Inicio -> Configuración -> Panel de control -> Sistema -> Hardware -> Administrador de dispositivos -> Puertos -> Seleccionas el LPT que corresponda y con el botón derecho vas a Propiedades -> Recursos

En mi caso salen dos direcciones, no entiendo por qué, pero la "buena" es la 378

En mi casa mi PC no tenía ningún puerto LPT, y tras agregar una tarjeta PCI se instaló en la dirección B880, me volví loco hasta encontrarla


----------



## chugus (Dic 10, 2008)

ok muchas gracias amigos... voy a checar mi pc a ver que aparece   

Saludos!


----------



## chugus (Dic 11, 2008)

Buenas... ya encontre la direccion del puerto de la forma que Ferny posteo....por lo tanto me puse a hacer multiples pruebas vuelvo al foro a postear ya que ahora el problema ahora es otro... el tema es que cuando envio cualquier dato al puerto automaticamente despues de dar la orden se tilda la pc y en algunos casos se reinicia...  Por lo que he ensamblado un programita que solo apague y encienda los puertos y tambien hace lo mismo...
No creo que sea el problema el soft por su simplicidad... Podran ser las tarjetas PCI o los drivers mal instalados? Aunque en el administrador del Sistema dice claramente que "El dispositivo funciona correctamente"

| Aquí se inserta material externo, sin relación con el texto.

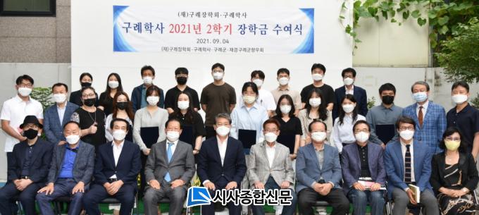 Çлç ÀÔ»ç»ý 24¸í¿¡°Ô ÃÑ 2õ¸¸¿øÀÇ ÀåÇбÝÀÌ ¼ö¿©µÆ´Ù. ±è¼øÈ£ ±¸·Ê±º¼ö, ±¸·ÊÀåÇÐȸ ÀÌ»ç, Àç°æ±¸·Ê±ºÇâ¿ì µî 20¿© ¸íÀÌ Âü¼®ÇØ ÀåÇбÝÀ» Àü´ÞÇϰí ÀÔ»ç»ýÀ» °Ý·ÁÇß´Ù.

Cabe destacar que he probado con todos los valores que salen en " Inicio -> Configuración -> Panel de control -> Sistema -> Hardware -> Administrador de dispositivos -> Puertos -> Recursos " y sigue haciendo el mismo problema con ambas placas PCI...

Alguna idea?  

Saludos


----------



## Chico3001 (Dic 11, 2008)

Posiblemente es un corto en el puerto... verifica que tu circuito no consuma demasiada corriente y que este bien conectado...


----------



## Ferny (Dic 12, 2008)

A mi ya me pasó y acabé solucionándolo cambiando de .dll y de método de sacar los datos (usando visual basic). En mi caso incluso probando en una máquina virtual (con el virtualpc) también se reiniciaba la misma jeje...

Si quieres pásame la dirección base de tu puerto y en un momento te compilo un programa de prueba que tengo en visual basic que pone a 1 o a 0 todas las salidas del puerto. Así simplemente conectándole un led entre una salida y GND puedes ver si está cambiando

Saludos


----------



## chugus (Dic 12, 2008)

Amigos he logrado solucionar el problema!  Cambie la libreria io.dll por la input.dll y funciona todo a la perfeccion.. Muchas gracias por su colaboracion en el post...

Saludos a todos..
Leandro


----------



## Vzlaje (Abr 1, 2009)

Ferny dijo:
			
		

> Inicio -> Configuración -> Panel de control -> Sistema -> Hardware -> Administrador de dispositivos -> Puertos -> Seleccionas el LPT que corresponda y con el botón derecho vas a Propiedades -> Recursos
> 
> En mi caso salen dos direcciones, no entiendo por qué, pero la "buena" es la 378
> 
> En mi casa mi PC no tenía ningún puerto LPT, y tras agregar una tarjeta PCI se instaló en la dirección B880, me volví loco hasta encontrarla



Bueno solo queria agregar; que el el caso de targetas pci paralelo las direciones son tomadas automaticamente sin que se puedan modificar, en un rango de direcciones muy distinto al de los puertos paralelos omboard (03BC,0378,0278).Estas por lo general son muy altas en mi caso C050 , si no funciona hay que actualizar los driver!
este comentario es porque hice segun lei aca y no me funcionaba asta que actualice al driver mas reciente de mi targeta pci paralelo  (nota : el anterior driver funcionaba bien con impresoras pero no, con ninguna aplicacion que usara el dll imput32.dll)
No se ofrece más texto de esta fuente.